Dataset records:
————————

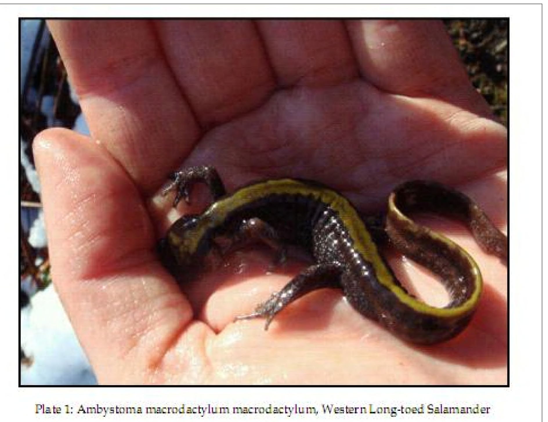
Plate 1: Ambystoma macrodactylum macrodactylum, Western Long-toed Salamander
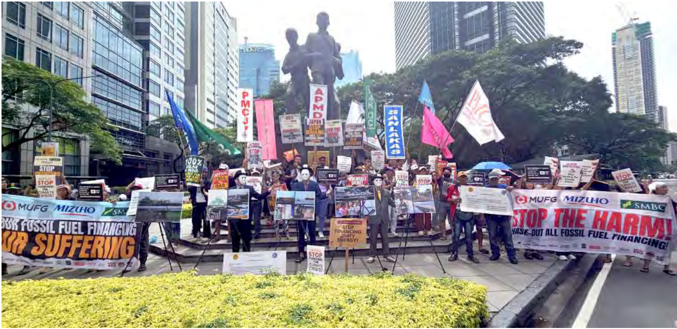
NO TO FOSSIL FUEL. Environmental advocates, labor groups, and militant organizations stage a rally along Ayala Avenue in Makati City to demand cessation of investments in fossil fuel. Led by the Asian Peoples’ Movement on Debt and Development, the protest action coincides with the annual general meetings in Tokyo, Japan of giant financing institutions mostly involved in fossil fuel.

In the Philippines, advocates are targeting these institutions for backing a massive domestic liquefied natural gas (LNG) expansion. The Japanese banks are major financiers of developers behind LNG import terminals and gas power complexes in Batangas—infrastructure that critics say locks the developing nation into decades of expensive, imported fossil fuels, the protest organizers said in a statement.
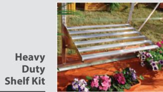
Heavy Duty Shelf Kit
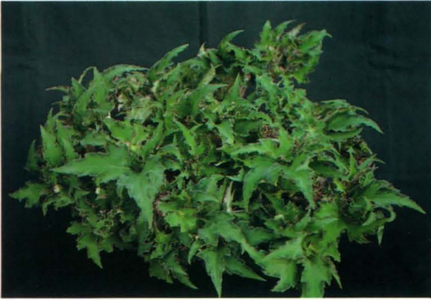
B. 'Shooting Star', Best New Introduction ABS Convention 1992 Anaheim, California.
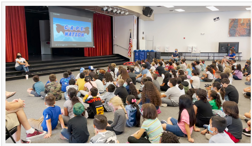
A recent Boo2Bullying teen workshop

LOS ANGELES, CALIFORNIA, USA, October 21, 2022 /EINPresswire.com/ -- Boo2Bullying is excited to announce its inaugural Los Angeles BOO BALL, slated to take place October 28th, 2022 from 6PM-11PM at SLS Beverly Hills. With a mission to eradicate bullying, intolerance, and discrimination, Boo2Bullying works to educate kids, schools and parents about acceptance,
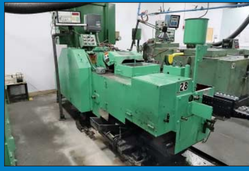
National Model 45 Long Stroke DSSD Cold Header
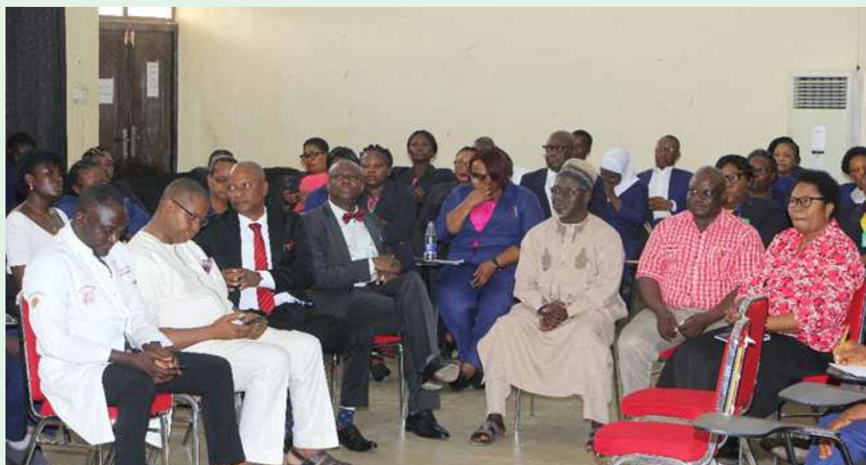
Top Management Committee members and Nursing Department Managers at the Training.
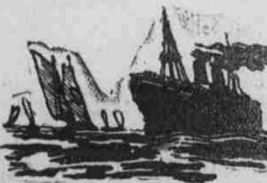
A STEAMER WAS CROSSING OUT.

The visitors left on the Gatzert in the evening, the Northern Pacific officials going to Kalama, where a special train will convey them to Tacoma.
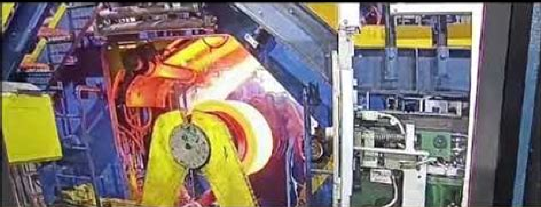
Scaw Metals Group Hot Strip Mill
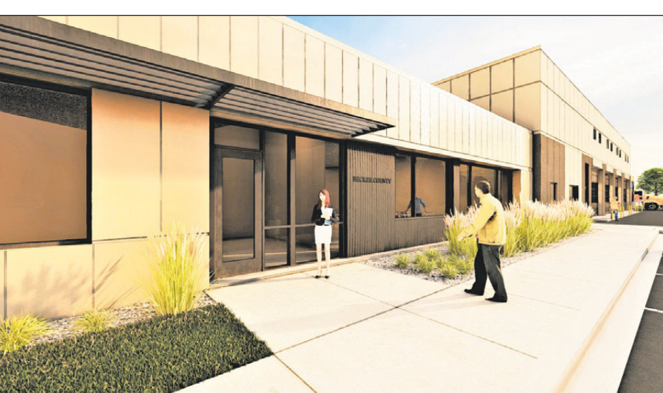
McGough Construction of Fargo / Tribune

Royal Throne and surrounding ice sculptures will most likely continue up until the Grand Lighting Ceremony at 7 p.m. on Friday, Feb. 11.
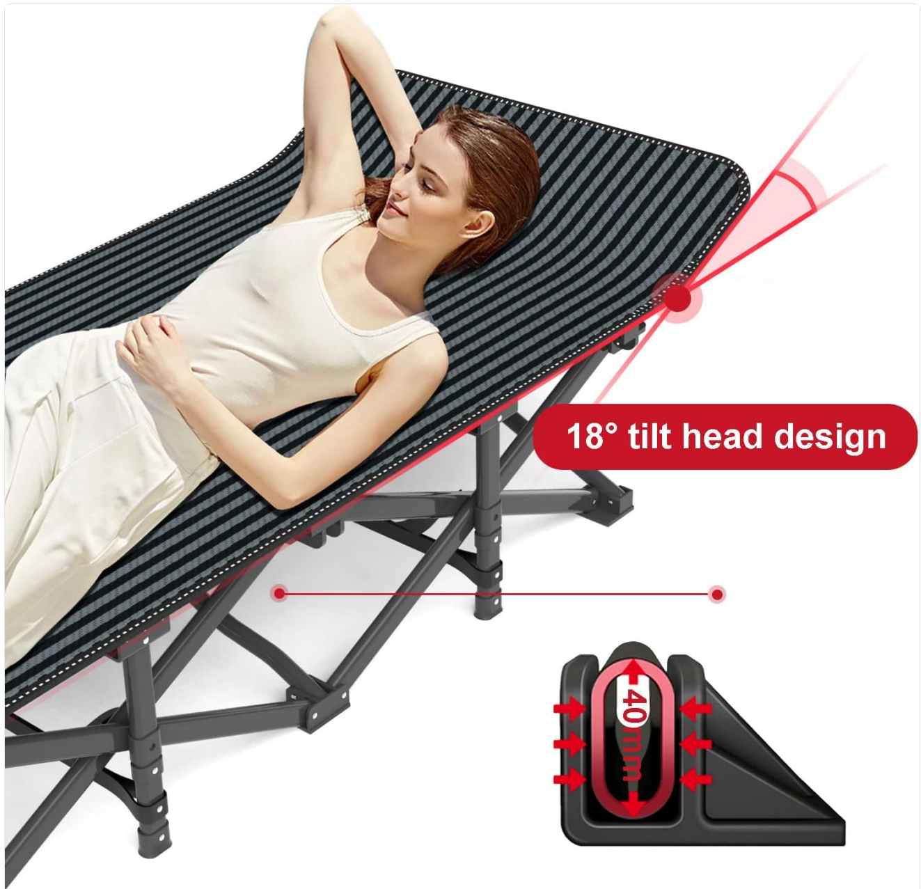
Figure 4.2: The cot's fabric is designed for breathability, enhancing comfort in various conditions.
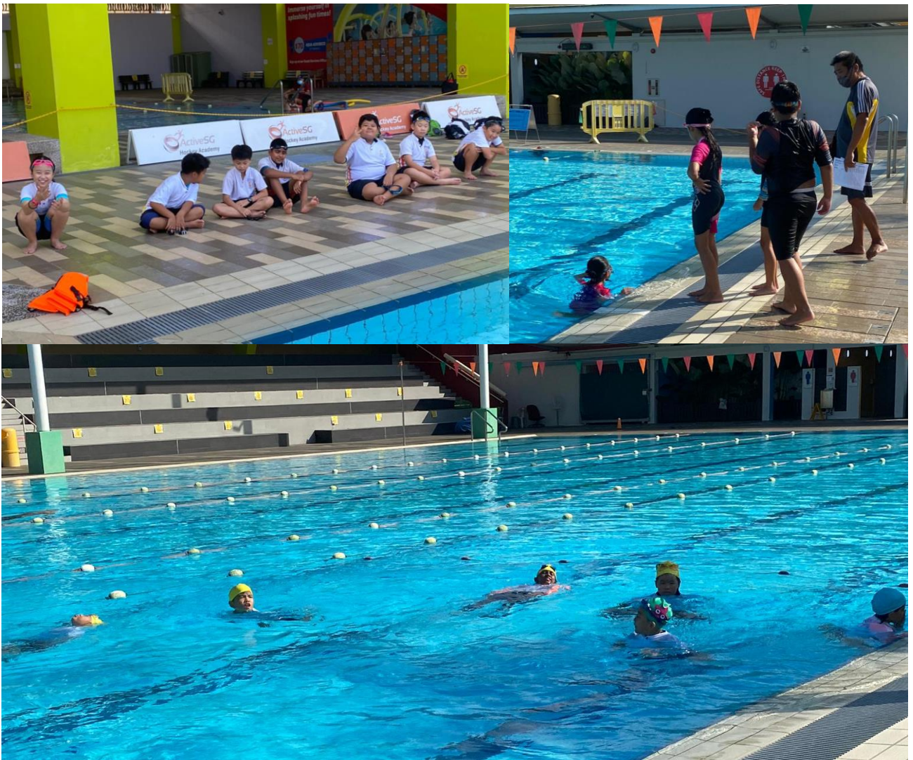
Springdalites picking up water survival skills

We hope that our P4 students have enjoyed themselves and are more proficient in swimming.
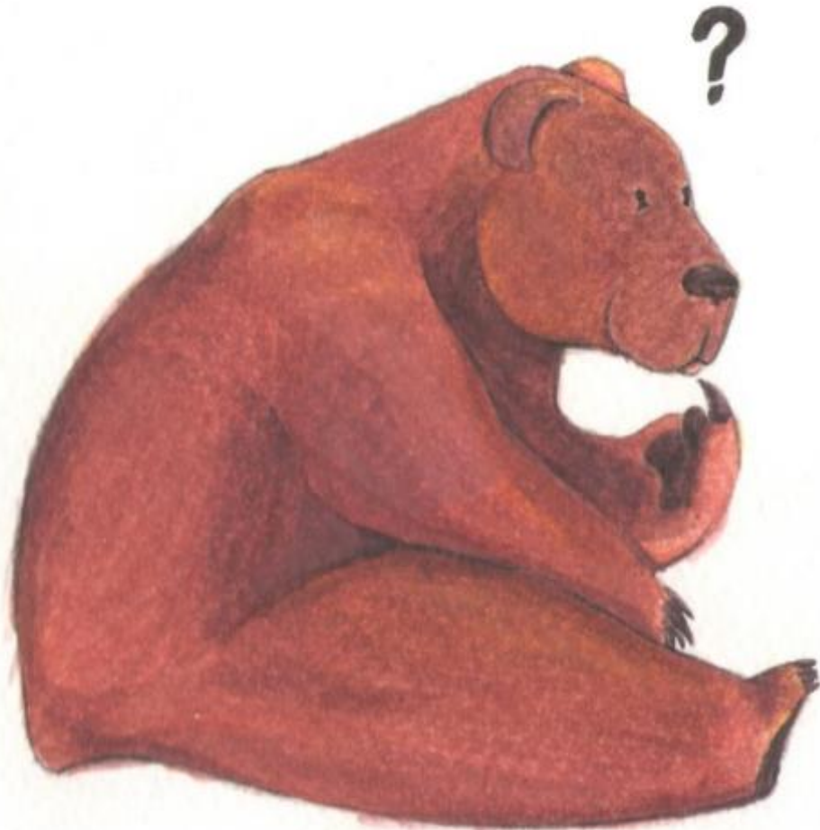
Drawing M. Panichi
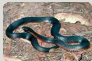
Red-bellied Black Snake, Pseudechis porphyriacus (PR)
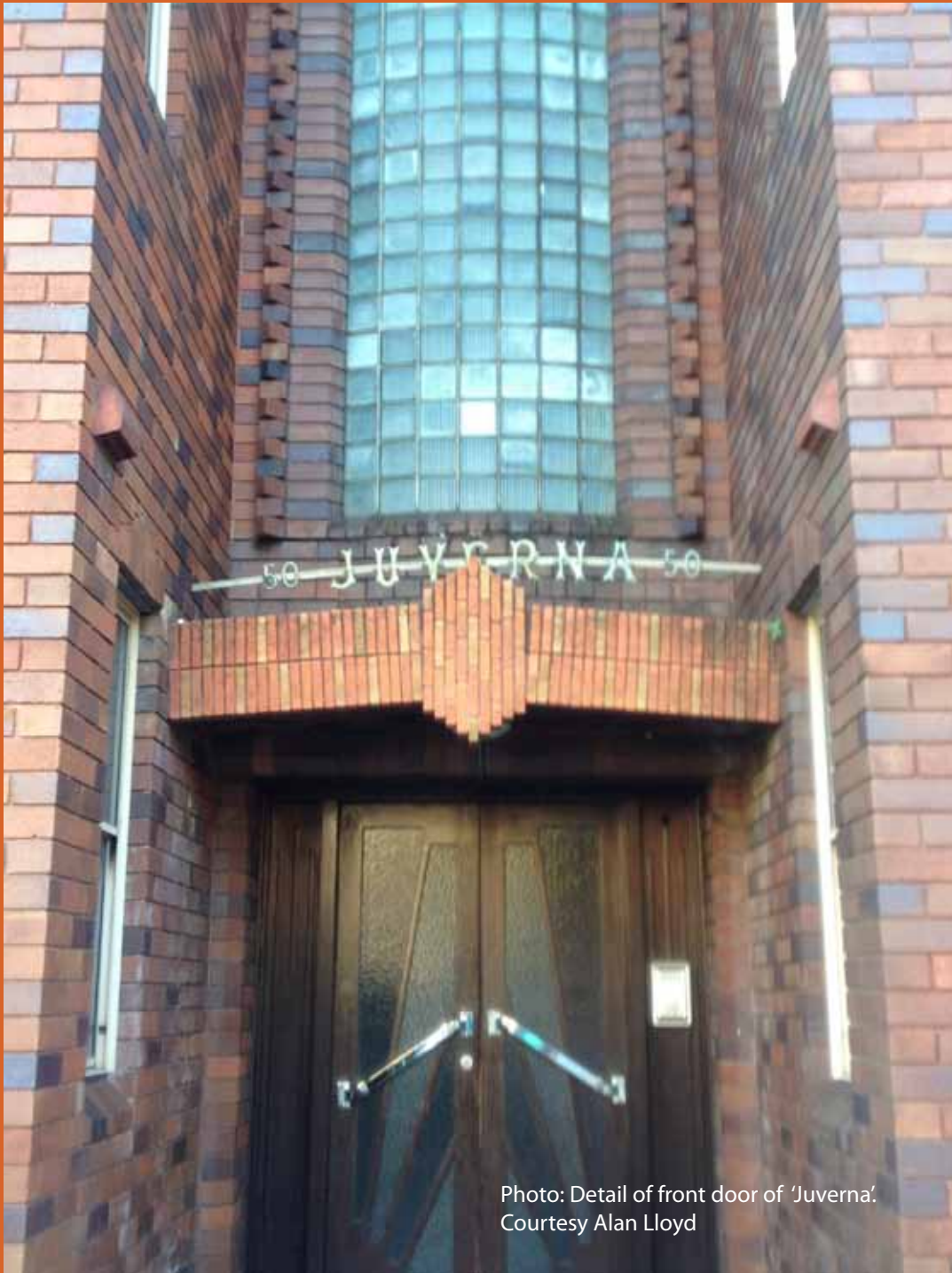
Photo: Detail of front door of 'Juverna'

————————

Description of the task: Find the word "advocates" in the entries, and copy every line it shows up in.

Written response:
NO TO FOSSIL FUEL. Environmental advocates, labor groups, and militant organizations stage a rally along Ayala Avenue in Makati City to demand cessation of investments in fossil fuel. Led by the Asian Peoples’ Movement on Debt and Development, the protest action coincides with the annual general meetings in Tokyo, Japan of giant financing institutions mostly involved in fossil fuel.
In the Philippines, advocates are targeting these institutions for backing a massive domestic liquefied natural gas (LNG) expansion. The Japanese banks are major financiers of developers behind LNG import terminals and gas power complexes in Batangas—infrastructure that critics say locks the developing nation into decades of expensive, imported fossil fuels, the protest organizers said in a statement.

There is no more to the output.